Hedy Epstein: Holocaust Survivor, Passionate Fighter Against Israel’s Crimes

May 30, 2016 | Revolution Newspaper | revcom.us


From a reader:

Hedy Epstein joined the Gaza Freedom March in 2009
In 2009, in the aftermath of a months-long Israeli slaughter of the Palestinian people in Gaza, Hedy Epstein (above center, with pink scarf) joined the Gaza Freedom March. (AP photo)

On May 26, Hedy Epstein passed away at age 91. Hedy was a Jewish Holocaust survivor who embodied the spirit of those who saw the lesson of the Holocaust NOT as: whatever needs to be done to preserve MY people is OK, no matter who we oppress, but instead that great crimes against humanity must never happen to ANY people. And as such, she stood literally shoulder-to-shoulder with the Palestinian people in their struggle against Zionism, and with struggles against oppression throughout this country and around the world.

Hedy was a kindergarten student in Germany when Hitler’s fascists began the genocide against the Jews with a violent fascist riot known as the Kristallnacht. Hedy was expelled from school. Her parents were unable to escape to the United States, which had a policy of refusing to grant asylum to victims of Hitler’s racist terror. And, as Hedy said in an interview with an Israeli newspaper in 2014, they did not want to be part of what is now Israel because “They did not wish to live in a country that was run by Jews and for Jews only.”

Hedy’s parents were able to get her to England, but both of them were trapped in Germany and died in the notorious Auschwitz concentration camp, along with almost all her relatives.

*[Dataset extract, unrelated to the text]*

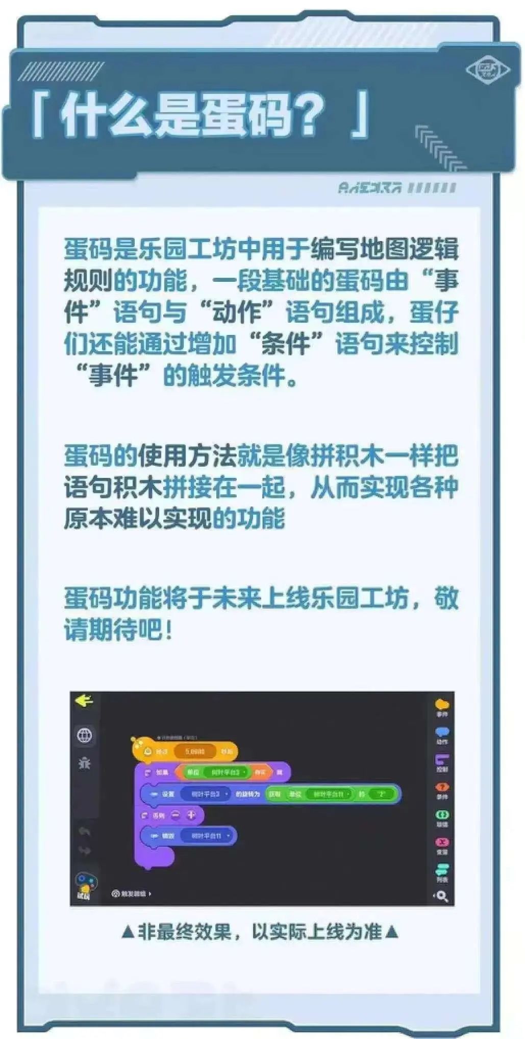 在上线之初,《蛋仔派对》就加入了名为“蛋仔工坊”的UGC编辑器,鼓励玩家自己动手制作游戏地图,并基于创作者的反馈持续优化编辑器,在增强功能的同时不断降低上手门槛。《蛋仔派对》编辑器也陆续加入AI一键地图换色、AI视频生成动作,以及类似于少儿编程的“蛋码”功能,可以让玩家用更少时间,创造出更加复杂、新颖的地图,打造一个蛋仔版“App Store”。
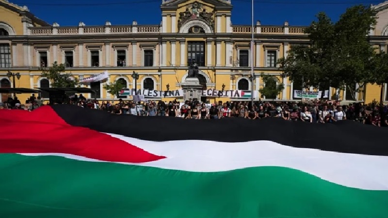 סטודנטים מפגינים מול בניין אוניברסיטת צ'ילה בסנטיאגו בתמיכה בפלסטינים ונגד מלחמת ישראל על עזה

Hedy grew up in England, and later moved to the U.S., where she became an active opponent of the Vietnam War. As she came to be familiar with the oppression of Black people in the U.S., she made connections between the way the Nazis had made outcasts of the Jews, and how the U.S. treated Black people.

After Israel orchestrated massacres of Palestinians in the Sabra and Shatila refugee camps in Lebanon in 1982, Hedy became increasingly passionate and committed to supporting the Palestinian people’s struggle. Beginning in 2003, she traveled several times to the West Bank with the International Solidarity Movement. In Israel, she was tear-gassed by police while demonstrating against the Israeli occupation and suffered damage to her hearing when sound bombs went off.

In 2009, in the aftermath of a months-long Israeli slaughter of the Palestinian people in Gaza, Hedy joined the Gaza Freedom March. This was an attempt to go beyond efforts to deliver humanitarian supplies to Gaza, and to physically break the blockade on land by marching across the border from Egypt into Gaza. Under direct instructions from the U.S. Embassy in Cairo to the Mubarak regime that ruled Egypt, the Gaza Freedom Marchers were prevented from getting to the Egypt-Gaza border crossing, and repeatedly and violently attacked by Egyptian police. Hedy was on the front lines of protests in Cairo—a tiny, frail, but fearless fighter. She led a group of protesters who declared a hunger strike in Cairo, demanding the authorities allow the Freedom March to get to the border. When Egyptian authorities shut down transportation to the border, the Gaza Freedom March took place in the streets of Cairo just outside Tahrir Square.

90-year-old Holocaust survivor Hedy Epstein—an activist in resisting Israel’s crimes against the Palestinian people—was arrested with eight others in St. Louis in August 2014. She was opposing the deployment of the Missouri National Guard to suppress protests demanding justice for Michael Brown – a Black man murdered by police in nearby Ferguson, Missouri. Photo: Steven Hsieh

When Black youth and others rose up in fierce rebellion in Ferguson, Missouri, after the police murder of Michael Brown, Hedy joined a sit-in outside the office of Missouri governor Jay Nixon in her home town of St. Louis. The sit-in demanded an end to police repression of the uprising, and protested the governor’s decision to deploy the National Guard to further clamp down on protest. At age 90, Hedy Epstein was handcuffed, taken to a nearby substation and charged with “failure to disperse.”

Hedy was an unassuming person who didn’t see the struggle against oppression as being about her, or that her experience as a Holocaust survivor in-and-of-itself imbued her with some special privilege—despite the terrible personal loss and sacrifice that had meant for her and her family. But in a world where the grossest, most obscene and unjust oppression is “justified” by invoking the Holocaust, she didn’t hesitate to invoke whatever “right to speak” is associated with being a Holocaust survivor to speak out, and put her body on the line, against ALL injustice, including Israel’s crimes—backed by the U.S.—against the Palestinian people.